La política del presidente de los Estados Unidos Donald Trump afecta a Europa y pone de manifiesto las dificultades para el cumplimiento de las normas internacionales de comercio y la gran cuestión del medio ambiente.
Donald Trump ha decidido aumentar hasta el 25% los aranceles a importaciones procedentes de China por un valor de 250.000 millones de dólares y amenaza con un aumento similar para otros 350.000 millones de dólares. Todo ello, junto con la suspensión en el último momento de otros aranceles sobre los vehículos europeos, confirma el estilo negociador del presidente estadounidense, que es no solo tosco, sino también indiferente a las reglas de la Organización Mundial del Comercio (OMC) sobre el libre intercambio de bienes, que prevén acuerdos entre todos los países firmantes, no bilaterales.
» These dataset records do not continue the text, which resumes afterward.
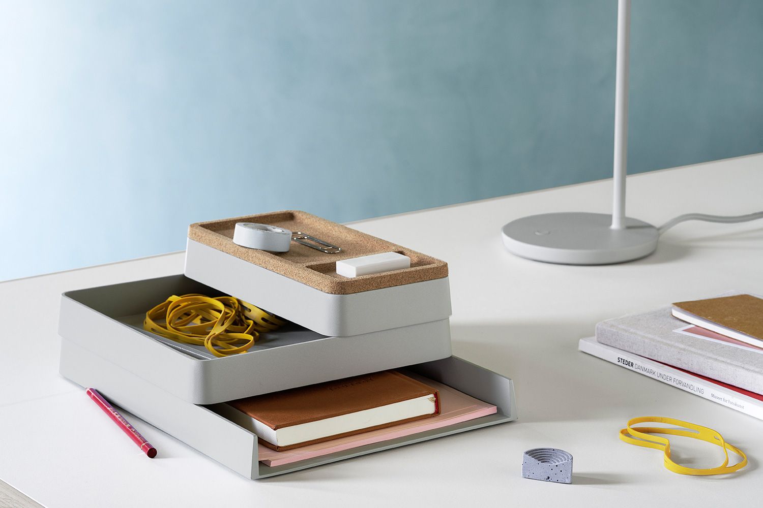 書類やステーショナリーをリサイクルプラスチック素材のトレイで机上を美しく整えることができます。 各トレイは固定されていないため、個別に使用することができます。
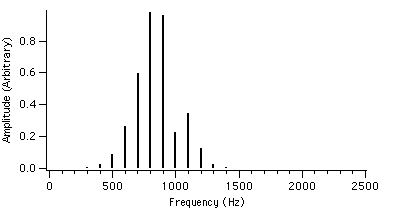 An array, i.e. reserved memory in the computer, is declared to store the calculated amplitudes for the respective frequency components. Its size is determined by the a constant MaxFreqToPlot, which is the highest frequency component we want plotted on the graphics screen of the computer.
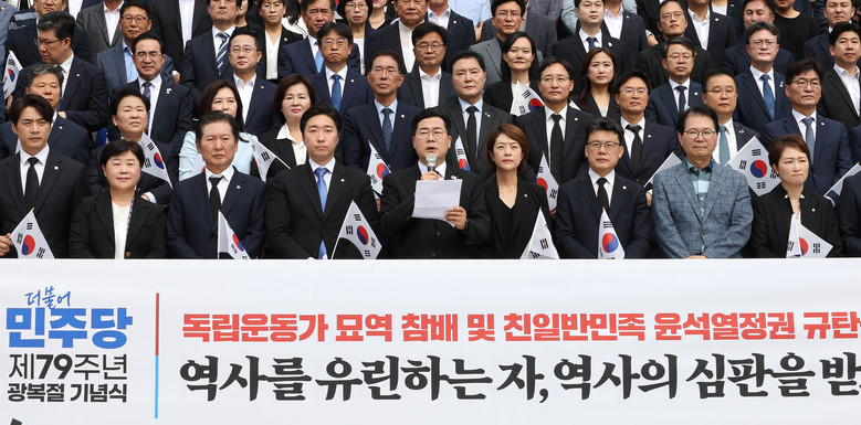 더불어민주당 박찬대 대표 직무대행 겸 원내대표와 의원들이 제79주년 광복절인 15일 오전 서울 효창공원 내 임정요인·삼의사·백범 김구 선생 묘역을 참배한 뒤 백범김구기념관 앞에서 규탄 성명을 발표하고 있다.
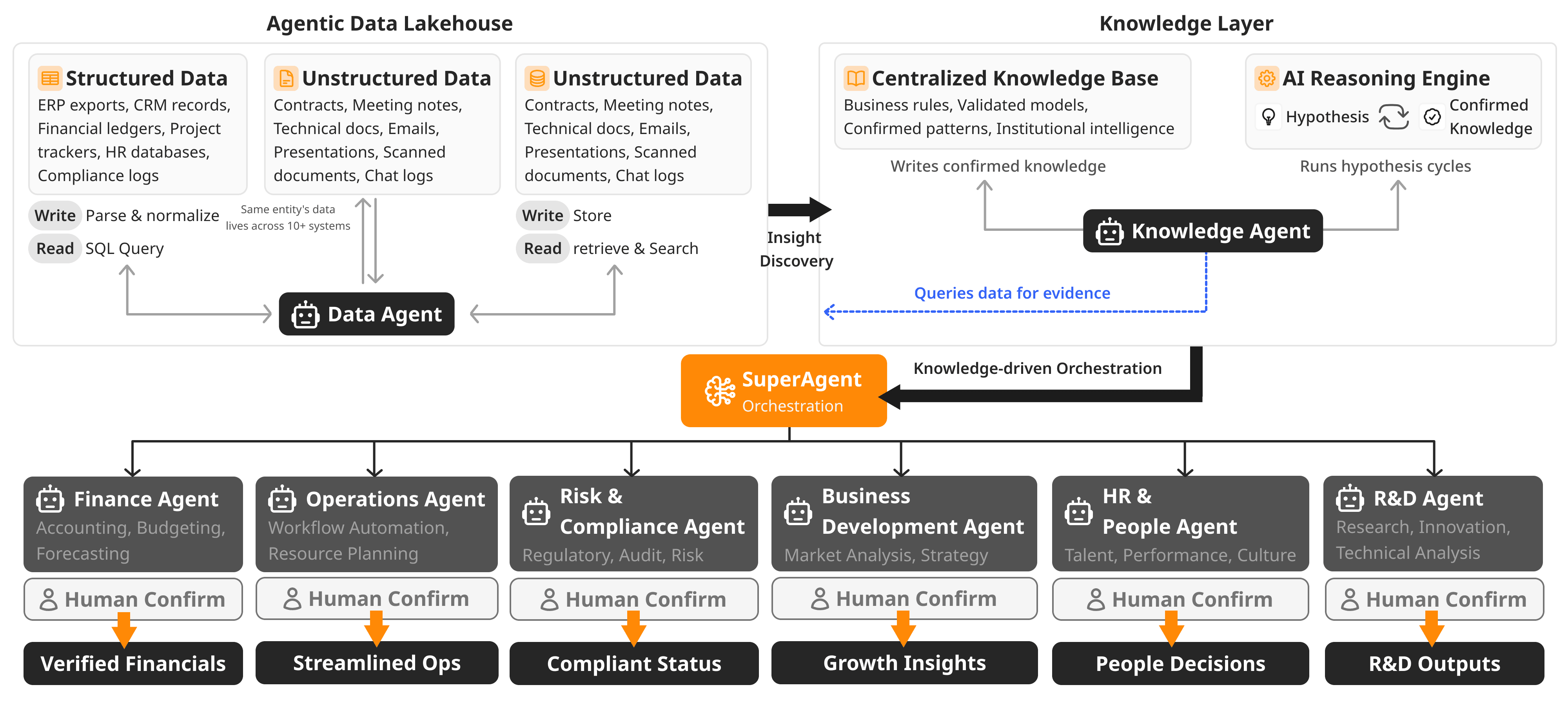 Unified knowledge engine that ingests, cleans, and structures fragmented enterprise data. Vector indexing, schema unification, and semantic search capabilities.

El aumento de los aranceles siempre representa un obstáculo para el desarrollo económico, como muestra la caída de la cotización bursátil cada vez que esto ocurre. Eso no quiere decir que no haya que hacer nada para contrarrestar las prácticas comerciales chinas. En todo caso, las represalias de China no se han hecho esperar. La más inmediata ha sido la devaluación de su moneda, que inmediatamente ha compensado una parte del incremento de precio de los productos chinos en el mercado estadounidense debido al aumento de los aranceles.
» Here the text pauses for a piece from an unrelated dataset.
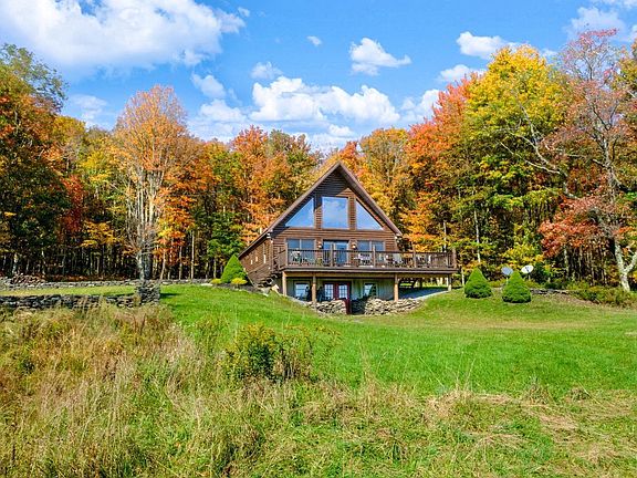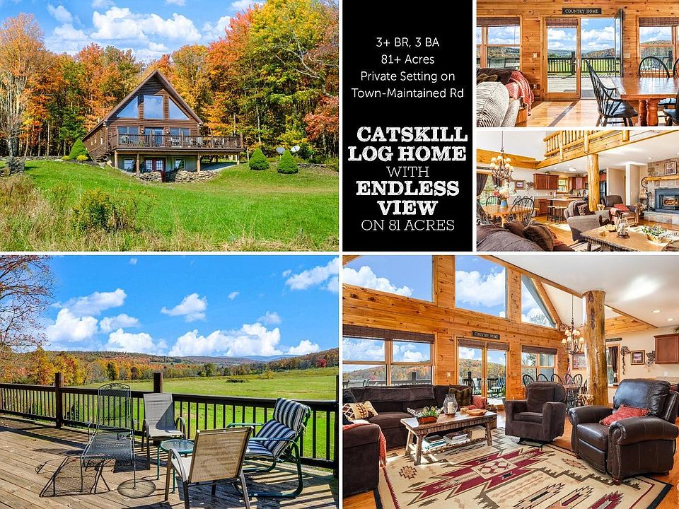 What's your favorite season? Winter, spring, summer or fall, this gorgeous Catskill Mountain setting will take your breath away. The view from the great room or the attached deck looks out over roughly 12 acres of hayed fields with the West Branch of the Delaware River Valley in the distance. That 10 mile view will never get old! In the fall it is a palette of perfection. The winter, a gleaming vista of vastness. In spring, fantastic freshness with growth all around you. This 1800+ square foot log-sided custom-built home on 81+ acres is truly a private retreat. 70+ acres of woodland behind the house offers hours of hiking, playing, and superior hunting. Built in 2013 and gently used, this well-cared-for home has everything you'll need: 3+ bedrooms, 3 full baths, stone-framed QuadraFire wood stove, 2-story great room with a huge wall of glass looking at an impressive Catskill Mountain View. Newly installed radiant heating and on-demand propane fired water heating systems make for superior comfort and efficiency. This stylish log home features a mix of crisp white walls and classic log accents and an unparalleled private setting outside that assures you will not be disturbed. Minutes from the Delaware county seat of Delhi NY, this property is an ideal get-away for an even better full-time home in the mountains.

Con la globalización económica, tras la caída del muro de Berlín, las empresas occidentales trasladaron mucho capital a China, para aprovechar la inmensa reserva de mano de obra local barata.
Lo hicieron pasando por alto la falta local de derechos de los trabajadores, el peligro de que sus productos fueran copiados, y otros comportamientos incorrectos según la OMC, tales como ayudas estatales a la producción local para favorecerla con respecto a la producción extranjera y la falta de respeto de la propiedad intelectual. La OMC también ha tenido manga ancha al considerar a China como un país en vías de desarrollo en los años dos mil.
Pero tras treinta años en los que China ha crecido a un ritmo que va desde el 12% anual hasta el 6% actual, mientras el resto del mundo no llegaba al 3%, la situación ha cambiado. Hoy ya no se deslocaliza, porque el costo del trabajo en China ha aumentado. Más aún: China propone al mundo un inmenso plan de expansión comercial, posee multinacionales en el sector tecnológico e incluso ha enviado un módulo a explorar la cara oculta de la luna.
Lo cierto es que, a pesar de su nueva condición, a China le gustaría mantener las ventajas que obtuvo en el pasado, algo que es claramente inaceptable. Esta es la verdadera esencia del contencioso, al que no solo los Estados Unidos sino también una Europa unida, deberían reaccionar.
Como todos, también China tiene derecho a desarrollarse. Pero, también como todos, tiene el deber de contribuir al bien común, que en el momento actual no consiste solo en asegurar el bienestar de sus ciudadanos respetando las reglas comunes, sino también y quizá sobre todo en contribuir de forma sustancial a la salvaguardia del medio ambiente, reduciendo las emisiones de gases de efecto invernadero según los compromisos comunes.
En relación con este tema, China ha decidido, en represalia por el aumento de los aranceles, no importar las grandes cantidades de gas licuado que los Estados Unidos producen con la técnica del fracking. Son cantidades tan exorbitantes que el precio del gas en Texas ha bajado en los últimos meses hasta hacerse incluso negativo, es decir pagando por su consumo.
La producción de este gas tiene un alto impacto medioambiental, ya que, debido a la fracturación del terreno necesaria para su extracción, se emiten a la atmósfera notables cantidades de metano, que tiene un efecto invernadero ochenta y tres veces superior al del anhídrido carbónico de la combustión.
Trump amenaza con aranceles a Europa para inducirla a comprar este gas en lugar de construir nuevos gaseoductos hacia Rusia. Si la producción de este gas no comportara el citado efecto colateral, la propuesta tendría sentido. Pero no es así. La Comunidad Europea debería, en su caso, aceptar la compra, pero cargándola con un arancel calculado en base a su impacto ambiental, que supera ampliamente el 25% del que se habla estos días.